Rodrigo Quian Quiroga, neuroscientifique : « L’oubli est la caractéristique essentielle de l’intelligence » | Santé et bien-être

Rodrigo Quian Quiroga, neuroscientifique : « L’oubli est la caractéristique essentielle de l’intelligence » |  Santé et bien-être

2024-02-07 07:56:00

Une fine ligne sépare la science-fiction de la réalité. Parfois, ce n’est qu’une question de temps avant que les chemins de la fantaisie et de la recherche scientifique ne se croisent et ne brouillent leurs frontières, explique le neuroscientifique. Rodrigo Quián Quiroga (Buenos Aires, 56 ans) : « Ce qui était de la science-fiction il y a encore quelques années est désormais de la science. » Mais les machines peuvent-elles être conscientes comme dans 2001 : une odyssée spatiale? Est-il possible d’atteindre l’immortalité proposée Ouvre les yeux? Et manipuler la mémoire, comme dans Un défi total ? Quian Quiroga, diplômé en physique, professeur ICREA et chercheur dans le groupe de Perception et mémoire de l’Institut de recherche de l’Hôpital del Marvient de paraître Des choses auxquelles vous ne croiriez jamais. De la science-fiction aux neurosciences (Débat, 2024), un ouvrage où il revient, à propos de films emblématiques du genre, ce passage de la fiction à la vie réelle à travers les grandes avancées scientifiques de l’époque. “Origène o Un défi total Ils jouent avec l’idée d’implanter de la mémoire. Et cela a déjà été fait au MIT : [en ratones] Ils stimulent optiquement des neurones spécifiques et parviennent à implanter une mémoire qui est une fausse mémoire. «C’est une preuve de concept», illustre-t-il.

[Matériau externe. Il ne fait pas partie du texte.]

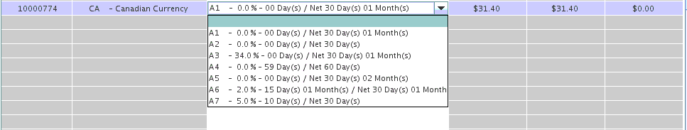 The user will choose a new payment term from the drop-down list by double clicking on the proper one.

Le scientifique est spécialiste de l’étude des mécanismes neuronaux de la mémoire et a découvert les soi-disant neurones conceptuels (ou « neurones de Jennifer Aniston »), des cellules nerveuses de l’hippocampe qui répondent à des concepts spécifiques après une expérience réalisée avec des photos de personnages. connu : « Ils reflètent la perception consciente [de algo] et non le stimulus visuel », explique le chercheur à propos d’une découverte qu’il considère comme essentielle dans la construction de l’individu. Amoureux de philosophie et humain privilégié sans téléphone portable — « Je peux me permettre de ne pas en avoir. Le téléphone portable tue ces moments d’ennui dans lesquels il semble que vous ne faites rien, mais, tout d’un coup, vous commencez à vous lancer des idées et des choses surgissent que vous n’aviez pas” -, Quian Quiroga profite également de l’occasion dans son livre pour recadrer certaines des grandes questions de l’humanité sur la conscience, le sentiment d’identité ou le libre arbitre. « Le livre est un canular : ce n’est pas de la science-fiction ou des neurosciences ; C’est un traité de philosophie», avoue-t-il en riant.

Demander. Canal 53. Neurone 2. Que se passe-t-il là-bas ?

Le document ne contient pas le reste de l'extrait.